BIRD
(director/writer: Andrea Arnold; cinematographer: Robbie Ryan; editor: Joe Bini; music: Burial; cast: Barry Keoghan (Bug), Franz Rogowski (Bird), James Nelson-Joyce (Skate), Sarah Beth Harber (Dionne’s Mum), Nykiya Adams (Bailey), Joanne Matthews (Des), Jason Buda (Hunter), Jasmine Jobson (Peyton), Franki Box (Kayleigh), James Nelson Joyce (Skate), Rhys Yates (Beck); Runtime: 119; MPAA Rating: NR; producers: Lee Groombridge, Juliette Howell, Tessa Ross; Mubi/Access Entertainment/BBC Films; 2024-UK/USA/France/Germany)

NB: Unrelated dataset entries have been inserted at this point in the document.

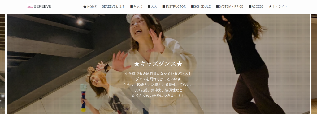 初心者の為のダンススクールBEREEVE楽しんでダンスをさせたい🌟少人数でじっくりレベルアップしていきたい🌟そんなお子様向けのダンスレッスンです!小学生レベル、中学生以上レベルとお子さまのレベルに合わせてクラスを選べるのも特徴。BEREEVEではダンスの技術だけでなく「表現力」「集中力」「豊かな心」など様々な心をはぐくみます♪
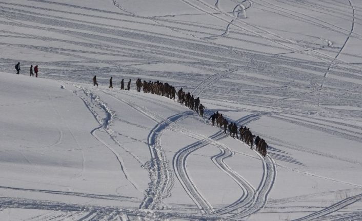 Çığ timi güvenlik korucuları, Van-Hakkari karayolu Kurubaş Geçidi’nin zirvesinde olası çığ facialarına karşı eğitim alıyor.
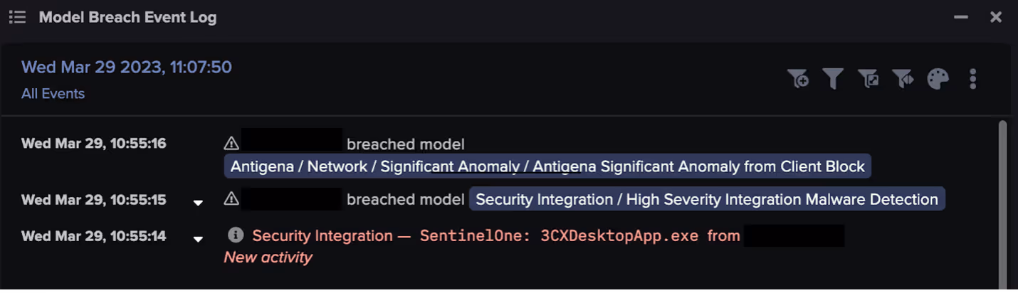 CrowdStrike and SentinelOne, two of the major detection platforms with which Darktrace partners through security integrations, initially revealed that their platforms had identified the campaign appeared to be targeting 3CXDesktopApp customers in March 2023.

“Not believable but uplifting.”
Reviewed by Dennis Schwartz
Veteran Brit director Andrea Arnold (“American Honey”/”Fish Tank”) writes and helms this gritty kitchen-sink drama of a dysfunctional family in Kent (the place where the director was raised). It’s set over a few summer days.
The visuals captured on the hand-held camera are beautiful.

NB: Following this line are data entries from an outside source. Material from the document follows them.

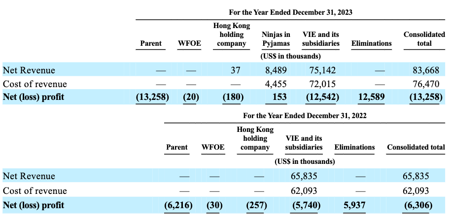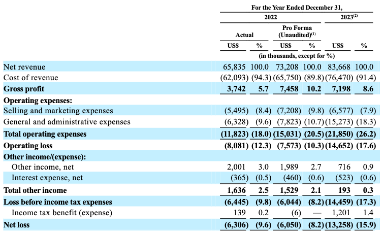 只是这条路能否带领星竞威武摆脱亏损困境,还有待时间的检验。星竞威武人才经纪业务至今仍处于毛亏状态。2022年和2023年,该业务毛亏损分别为90万美元和80万美元,毛利率为-2.3%和-1.6%。
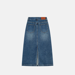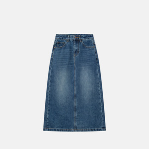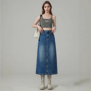 ダークブルーリアスリットデニムスカート女性のための 2025 夏ハイウエストスリム A ラインファッション非弾性ミッドレングススカート
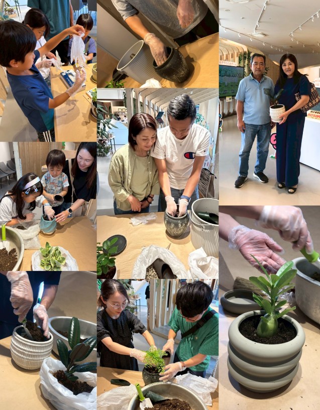 選んだ鉢に土を入れていきます。真剣な表情で作業する方や、ご家族や兄弟で協力しながら楽しむ姿がとても印象的でした!

Bailey (Nykiya Adams, non-professional actor) is a 12-year-old girl who lives in a dinghy suburban seacoast flat in Gravesend, Kent, with her gang member, slightly older half-brother Hunter (Jason Buda) and, her troubled, idler, child-like, heavily tattooed, single father, Bug (Barry Keoghan). Bug tells everyone he will marry his girlfriend Kayleigh (Franki Box) of three months on Saturday, and they will live off the profits made from selling the hallucinogenic waste-products from the toads of the Colorado River he collects.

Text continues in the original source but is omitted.